Phase 5: If you’re table-hopping and need to reset everything, repeat the handling from Phase 4 (just with more piles, and the 7s can go anywhere into the remainder of the deck). If you don’t care about resetting, then for visual purposes you should still probably handle the dealing in a similar manner to Phase 4. However, in this case there’s no need at the end to keep track of which piles to pick up in which order. In fact, it’s better if you just haphazardly pick everything up at the end because this will destroy all the evidence of your stack!
That’s it. It’s a self-working trick, but you do need to remember the handling differences between the different phases to avoid accidental mishaps. I recommend practicing the routine thoroughly, just as you would for a trick which involves sleight of hand — especially if you’ll be wagering actual money on the outcome! (Don’t say I didn’t warn you...)
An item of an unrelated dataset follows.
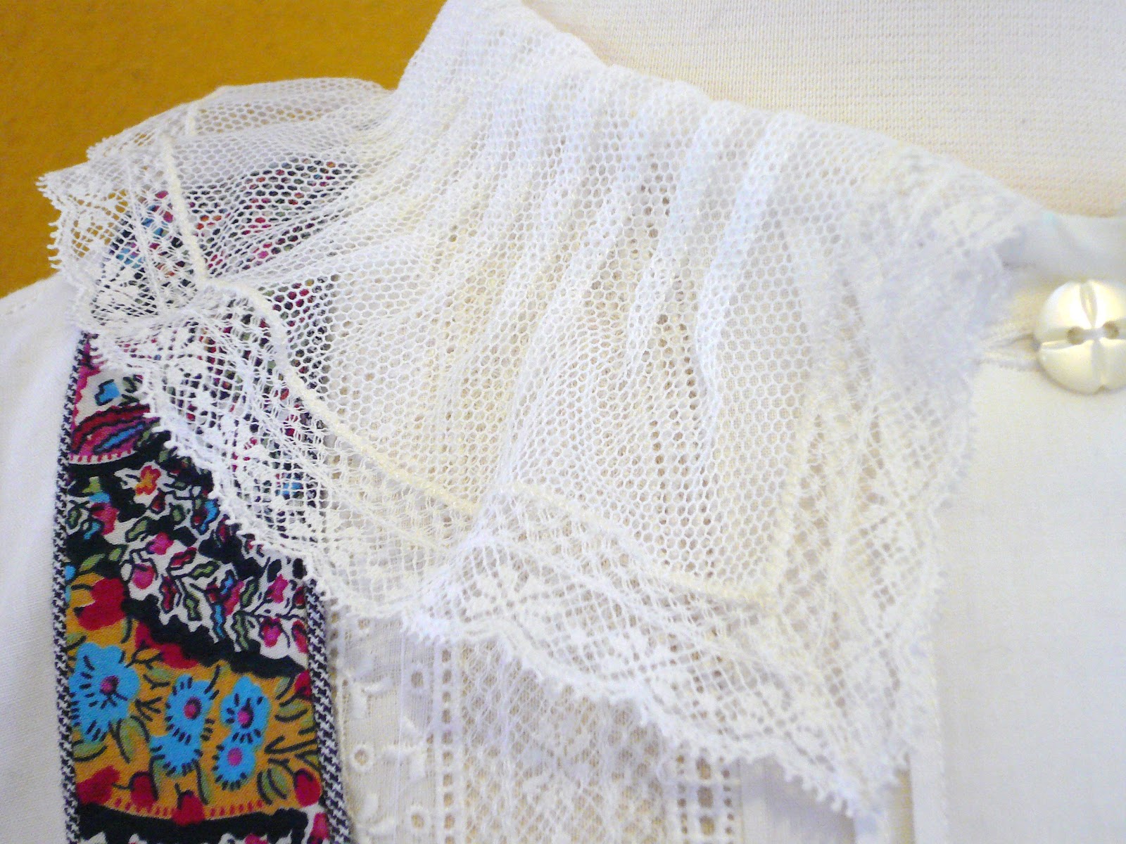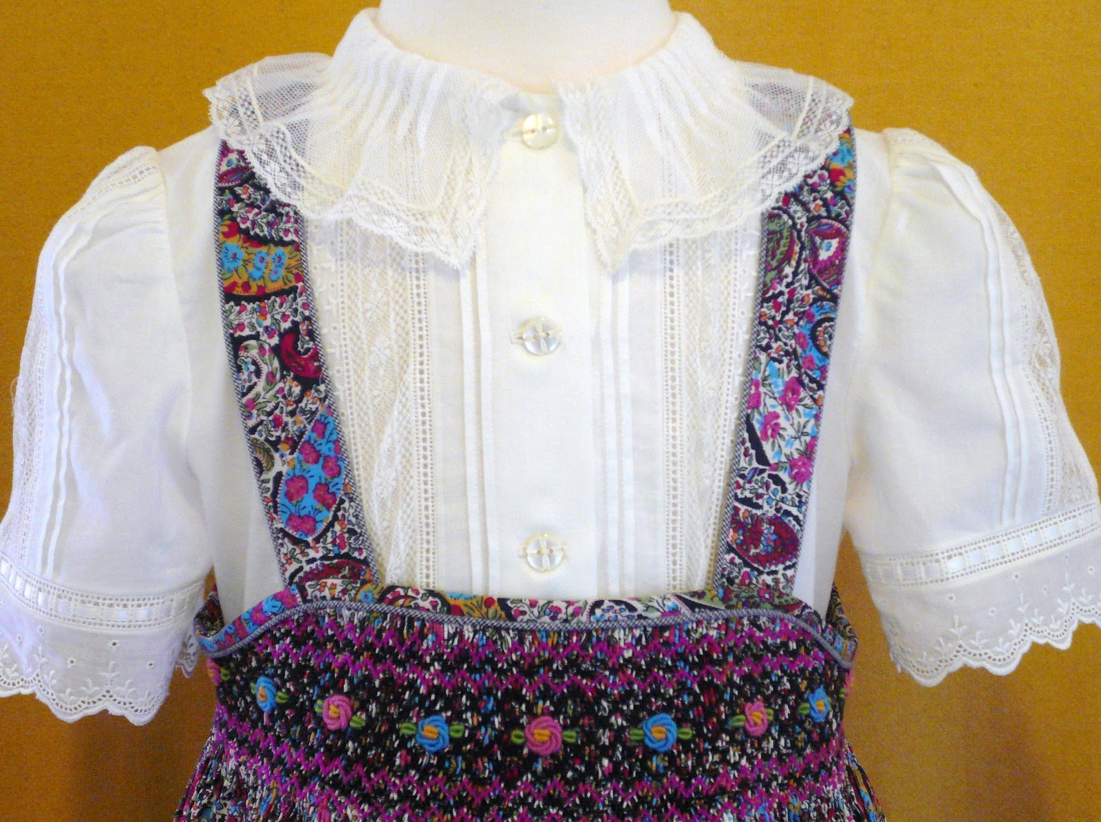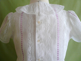 The edges of the pocket flaps, mock front yoke, and ruffle sleeves are finished with entredeux which has been trimmed and embellished with a cross stitch and running stitch in two contrasting colors.

I should point out that Phase 5 is strictly optional. I personally think it's a wonderful climax for the routine, but it's also the most difficult phase to remember and it does make an already long routine even longer. For a more streamlined version, don't bother removing the 7s at the beginning and simply conclude your performance with Phase 4. In this case, you don't have to worry about the clean-up after Phase 4 either. These simplifications will make learning the routine quite a bit easier, so I recommend that the first time(s) you perform the routine you do it this way. As a bonus, it will also cost you less money this way if you screw up! ??
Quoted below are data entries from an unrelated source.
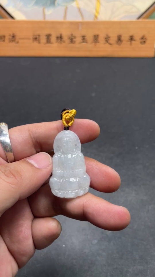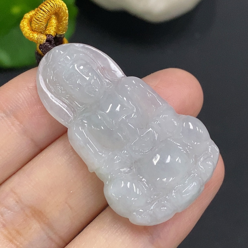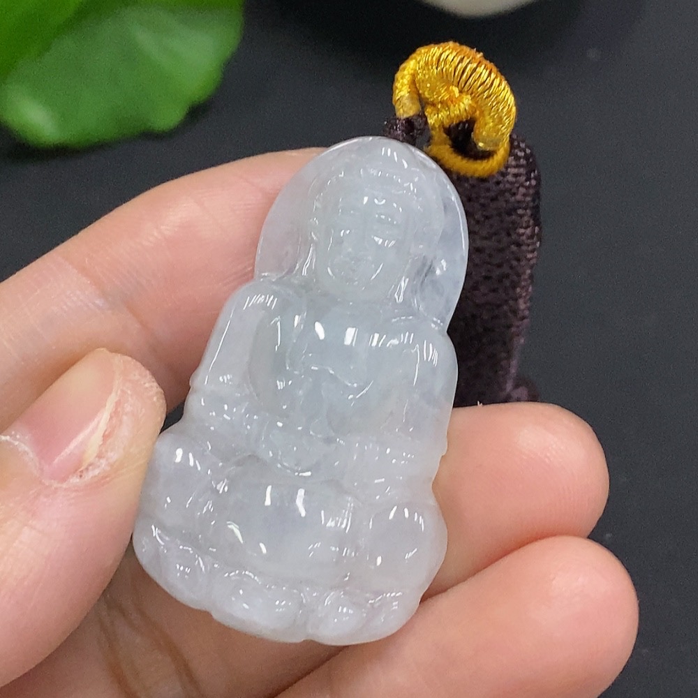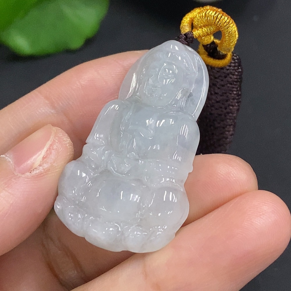 Jadeite Guanyin Pendant with total weight including rope approximately 11.2 grams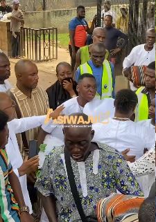 In a video which captured the development, the young man was seen confronting his father and denying him access to the venue.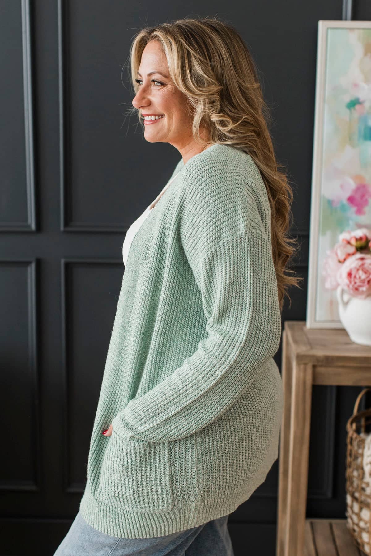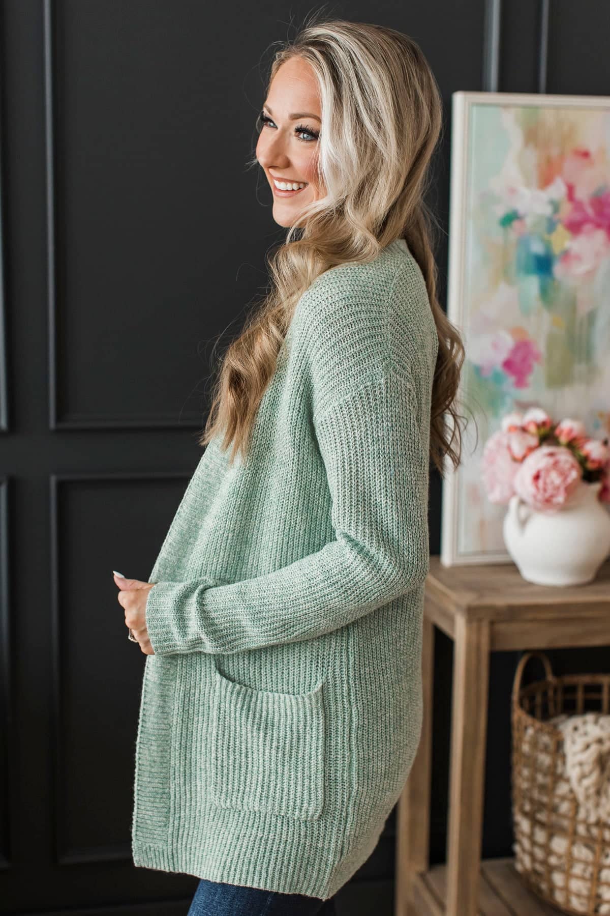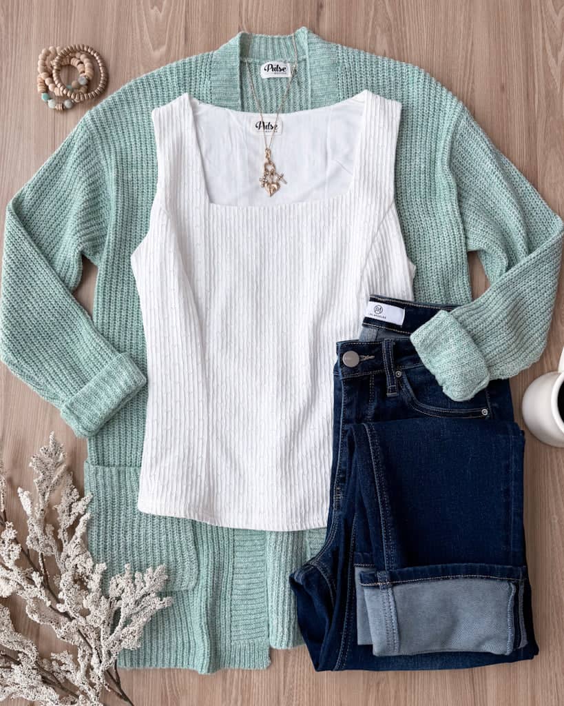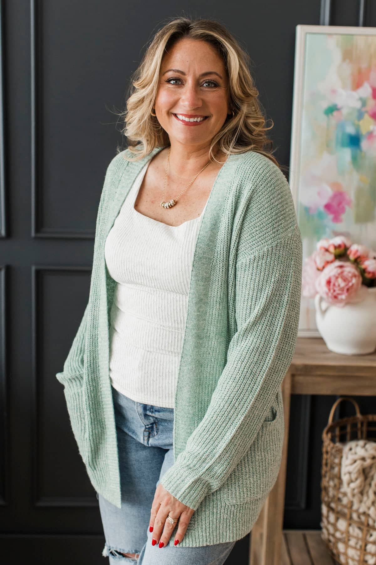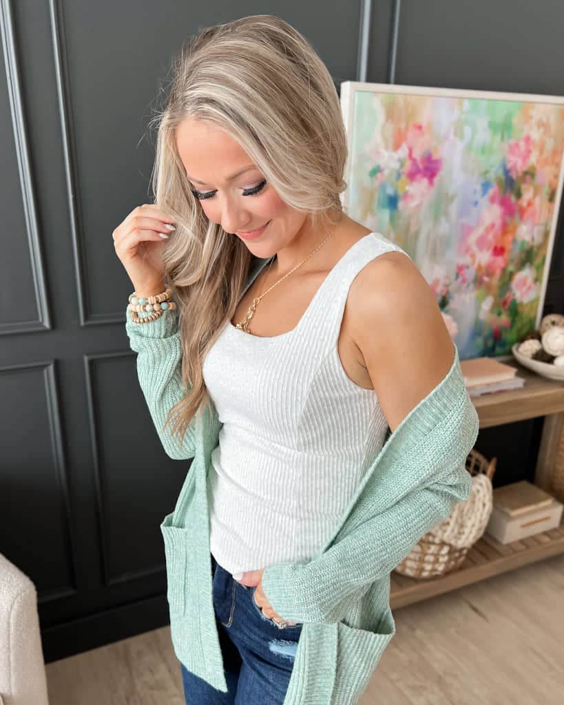 This beautiful mint green cardigan is such a great staple piece for cozy season! Style with your favorite tank tops and more.

As an additional note, aside from enhancing the dramatic structure of the routine, the other reason I remove the four 7s at the beginning and then use them in the final phase is that I can secretly arrange the alternating R-B setup on the fly from a shuffled deck in use under the guise of removing the four 7s. There are numerous ways to accomplish this, including: (a) Kostya Kimlat's "Roadrunner Cull"; (b) Harry Lorayne's "Great Divide" or Lennart Green's "Angle Separation"; and (c) the method Juan Tamariz teaches in the context of the routine "Impromptu Neither Deaf Nor Stupid" on Disc One of "Magic From My Heart".
As I mentioned earlier, the Omega Bet is the creation of Karl Fulves. His original routine was called “Odds On Favorite”, from the 1973 booklet Riffle Shuffle Set-ups. Fulves also published the idea as “The Omega Bet” in his 1984 book More Self-Working Card Tricks. Nick Trost published a full-deck version called “The Omega Bet - Updated” in the 1997 book The Card Magic of Nick Trost (written with Al Thatcher), and in his 2019 book Nick Trost’s Subtle Card Creations he employs a blackjack theme rather than using red and black cards.
Bob Wagner was the first that I know of to employ the simultaneous insertion of more than one card; his routine was published in his Master Notebook of Magic. Geoff Williams’s presentation for the Wagner routine appears on his DVD “Miracles for Mortals” (Vol. 1), and also in his Penguin Lecture.
Steve Beam published numerous version of the Omega Bet in his Semi-Automatic Card Tricks series. In particular, “The Omega Particle” (Vol. IV) provides an encyclopedic treatment of different multiple-card insertions, and my clean-up procedure is essentially the same one Steve teaches there. Check out “The Charm” (Vol. XII) as well, which builds on Nick Trost’s blackjack concept and has a fun presentation revolving around a “lucky charm”.